A transaction is generally any activity initiated by the User, which involves exchange of products. Purchases and Returns are common examples of transactions.
Activity is defined as any Customer Interaction recorded on the Predictions Platform, that does not generally include a financial transaction. Some examples might be a Customer logging into an Online Store, calling your helpline or receiving a Marketing Newsletter.
A Data Package is the collection of all Data Files that are used together to create a Model. This helps organize data effectively - every file only needs to be uploaded once, but can be used many times (by adding it to multiple Data Packages).
A Model, commonly known as a Machine Learning Model is a complex file that has been trained to recognize certain patterns. CrossEngage use Machine Learning to train these Models to understand Customer behavior, allowing them to Predict Conversion in the future.

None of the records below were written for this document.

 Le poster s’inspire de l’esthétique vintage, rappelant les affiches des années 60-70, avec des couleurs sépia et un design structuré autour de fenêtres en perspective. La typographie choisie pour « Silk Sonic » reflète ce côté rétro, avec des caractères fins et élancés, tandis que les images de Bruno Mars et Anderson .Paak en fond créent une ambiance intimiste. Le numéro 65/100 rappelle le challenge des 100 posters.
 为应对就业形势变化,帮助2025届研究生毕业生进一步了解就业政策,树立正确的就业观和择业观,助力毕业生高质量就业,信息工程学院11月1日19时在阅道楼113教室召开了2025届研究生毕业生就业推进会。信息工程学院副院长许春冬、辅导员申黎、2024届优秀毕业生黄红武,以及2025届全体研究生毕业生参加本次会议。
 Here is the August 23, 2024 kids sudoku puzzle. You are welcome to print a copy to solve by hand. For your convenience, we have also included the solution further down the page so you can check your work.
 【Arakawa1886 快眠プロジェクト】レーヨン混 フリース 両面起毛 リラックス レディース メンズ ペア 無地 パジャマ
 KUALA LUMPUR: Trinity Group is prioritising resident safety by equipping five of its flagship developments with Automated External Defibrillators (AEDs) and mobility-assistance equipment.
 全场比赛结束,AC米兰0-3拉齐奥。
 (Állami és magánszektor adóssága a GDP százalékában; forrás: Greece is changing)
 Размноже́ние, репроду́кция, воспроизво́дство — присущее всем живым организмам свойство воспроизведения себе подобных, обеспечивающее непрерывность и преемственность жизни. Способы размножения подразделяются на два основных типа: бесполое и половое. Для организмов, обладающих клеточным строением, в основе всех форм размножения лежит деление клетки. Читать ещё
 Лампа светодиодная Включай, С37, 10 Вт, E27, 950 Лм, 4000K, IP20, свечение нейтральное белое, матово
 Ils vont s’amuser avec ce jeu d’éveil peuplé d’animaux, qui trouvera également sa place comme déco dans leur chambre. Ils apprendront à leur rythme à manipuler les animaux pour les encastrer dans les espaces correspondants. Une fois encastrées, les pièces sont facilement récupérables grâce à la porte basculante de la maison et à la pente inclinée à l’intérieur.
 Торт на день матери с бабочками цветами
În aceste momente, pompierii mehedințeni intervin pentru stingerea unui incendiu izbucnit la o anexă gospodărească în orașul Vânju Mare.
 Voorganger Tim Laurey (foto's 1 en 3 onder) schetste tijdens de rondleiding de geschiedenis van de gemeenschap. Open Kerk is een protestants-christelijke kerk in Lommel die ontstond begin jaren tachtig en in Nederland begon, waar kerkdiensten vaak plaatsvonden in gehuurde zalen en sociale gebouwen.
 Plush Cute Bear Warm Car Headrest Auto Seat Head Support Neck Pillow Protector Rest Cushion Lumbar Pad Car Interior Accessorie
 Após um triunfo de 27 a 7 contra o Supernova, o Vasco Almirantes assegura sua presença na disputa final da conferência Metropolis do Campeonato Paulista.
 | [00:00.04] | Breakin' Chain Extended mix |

Conversion is defined as the point at which a recipient of a marketing message makes a Purchase.
A Selection is a group of Users on the Predictions Platform that have been bundled together for the purpose of a Campaign. This is similar to a User Segment in the Data & Engagement Platform.
Customer Lifetime Value is the estimated value of a Customer during their entire relationship with a business.
Individual Purchase Interval is an estimate of the time Interval that a Customer takes from one Purchase to the next. IPT is defined Individually - each customer has their own IPT.
In Machine Learning, a Score is a value calculated by the model, that is indicative of the predictive power of the model.
In Machine Learning, a feature is an individual measurable property that serves as an input to the Model. It can be a single field, or a combined and transformed form of several fields.
The target variable is the variable that is being predicted by the model.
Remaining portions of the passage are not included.